I think Blu-ray has missed the boat though, thanks to the delay in the format war, the excessive premium in price, and the cost of blank media that still falls way short of the ease of backing something up to external HDD or cloud.

Also. if H.265 can cram down the data rate of HD video, then streaming or download of HD would be less of a drain on data limits - while a few ISPs go for headline-grabbing "truly unlimited", they'd soon change their tune if too many actually DO that!
0 Agree

AllanDeGroot
MyCE Resident
Posted on: 13 Feb 13 19:04
I fully believe that SSD's will eventually replace spinning hard drives.

What I do not believe is that it will happen quite as fast as some true
believers think it will happen.

When LARGE SSD's drop to $0.20/gb there will be little point to
magnetic storage.

Except for ONE factor... if your HDD "dies" it is still possible to recover data from the bare platters.

Yeah it may take a clean room and a skilled technician.

Can data be recovered from a "Dead" SSD?

On the other side of that thoroughly wiping an SSD to prevent data from falling into the wrong hands is far easier than doing the same to a HDD.
0 Agree

Dee
Senior Administrator and Reviewer
Posted on: 13 Feb 13 19:41
I don't think SSDs using NAND will totally replace large HDDs anytime soon.
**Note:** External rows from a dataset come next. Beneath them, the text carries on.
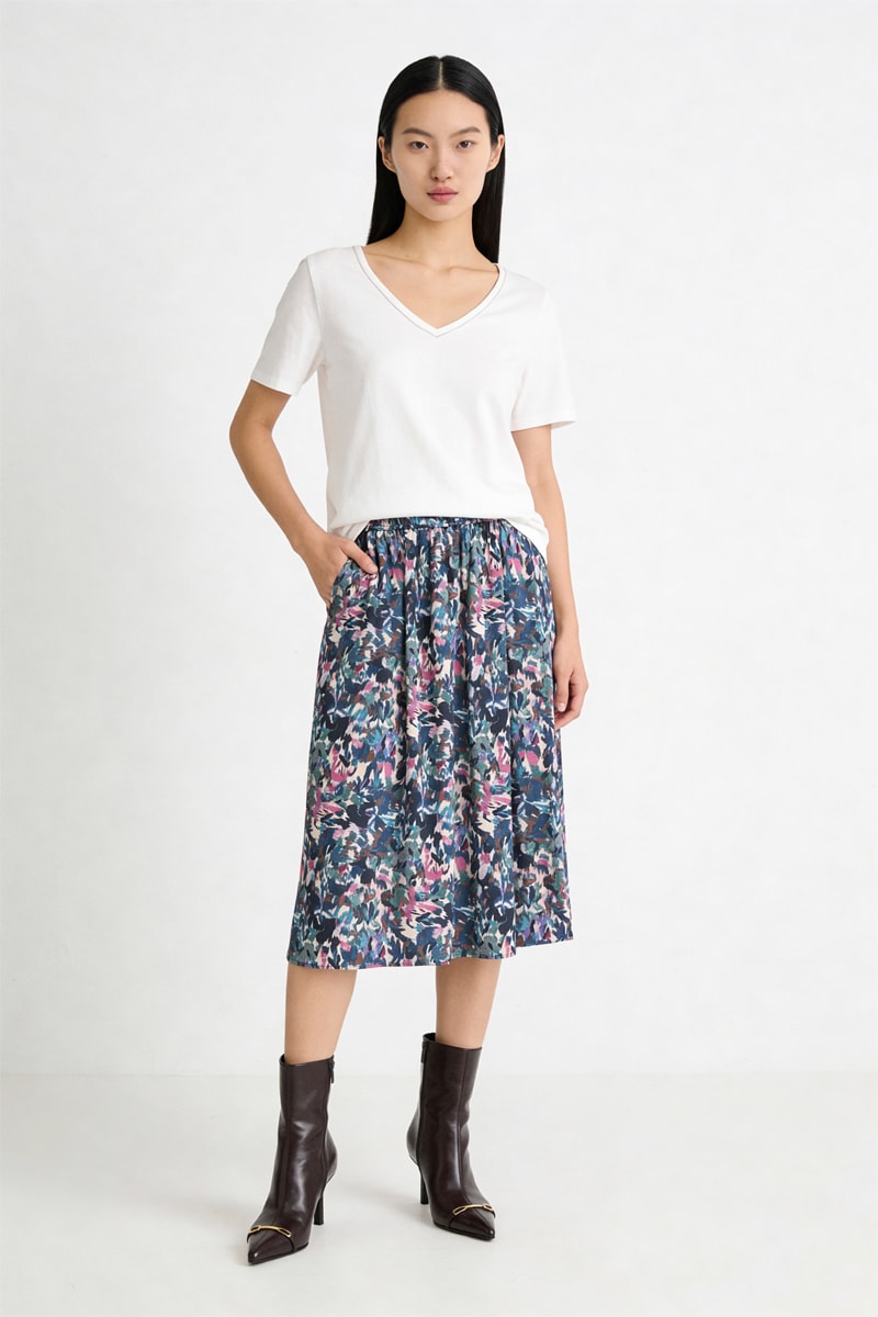 Jupe midi taille haute Jolina - Kaki et bleu marine
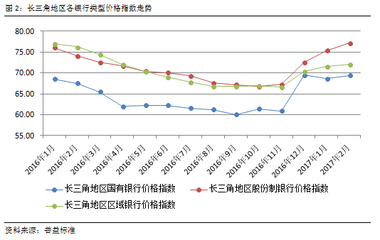 但从横向比较来看,股份制银行和区域银行整体收益维持在相对较高水平,而国有银行产品收益则有相对偏低。由于产品收益维持在较低水平,国有银行在12月受到资金荒的刺激也更为明显,其价格指数出现了大幅攀升,接近股份制银行及区域性银行水平。2017年2月,股份制银行价格指数节节攀升,已达77.10点,超过2016年1月水平,整体收益对投资者有较大吸引力;区域性银行2月的涨幅相对较为平稳,仅环比上涨0.62点,与股份制银行收益差距呈现放大趋势;而国有银行在1月收益小幅回落后,2月收益重新回到16年12月水平,为69.41点。受流动性压力影响,预计3月中,长三角地区国有银行价格指数仍有上升空间。
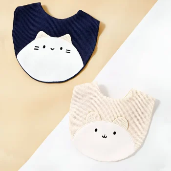 Cute Kitten & Teddy Bear Baby Bibs – 2-Pack Soft Cotton Feeding Towels
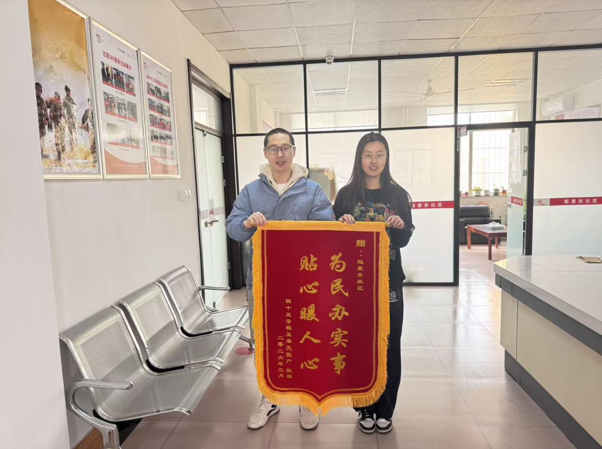 水母网3月27日讯 (通讯员 陈策 闫丽娜)近日,泉山街道魁星东区二区党群服务站迎来暖心一幕,辖区45号楼居民代表专程送来一面印有“为民办实事,贴心暖人心”的锦旗,字里行间满是感激,向街道、社区及相关部门全力推进污水管道改造、切实解决居民急难愁盼问题的务实举措,表达最诚挚的谢意。这面锦旗,既是居民对社区工作的认可,更是对民生服务落地见效的最好见证。
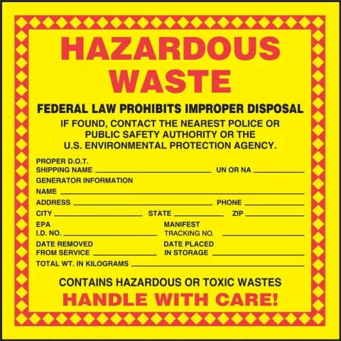 Mark Hazardous waste with a quality label and ensure waste is disposed of properly. Inform readers of a federal law involving hazardous waste disposal Urge users to handle product with care Label drums and containers to identify hazardous contents and promote safe handling and transport Eliminate the uncertainty of accumulated contents in containers by marking them Be aware of the potential for harmful waste contained within Labels with peel-off liner available in: Adhesive Coated Paper for short term use in protected areas; and Adhesive-Poly Sheet for moisture and weather exposure areas Package of 25; Package of 100; and Roll of 250 Cost effective in high quantities Matte surface can be easily written on with pen or pencil 60-lb. paper Coated on the back with permanent acrylic adhesive with peel-off liner Available in any standard background color and select fluorescent backgrounds Material: Adhesive Coated Paper Size: 6" x 6" Unit of Measure: 25/PK Weight: 0.345 lbs

But, I don't expect SSDs to be using NAND indefinitely either. There are other solid state memory technologies being developed now.

RE can data be recovered from a dead SSD?
Yes, there are companies already specializing in doing this already.
0 Agree

tmc8080
MyCE Resident
Posted on: 13 Feb 13 23:27
Yes, there are forward thinking people who go against the grain...
not many.. but your'e out there ;-P

IMO, as media gets old & obscure that is more of a problem.. always has been and mostly always will probably be.. coming from someone who's been around for decades now... it's a reasonable prediction of future events in our lifetime (next 70 years).

Don't worry about six strikes and all these anti-piracy laws.. they don't seem to have legs or teeth worth a hill of beans.. but still take prudent precautions as YMMV.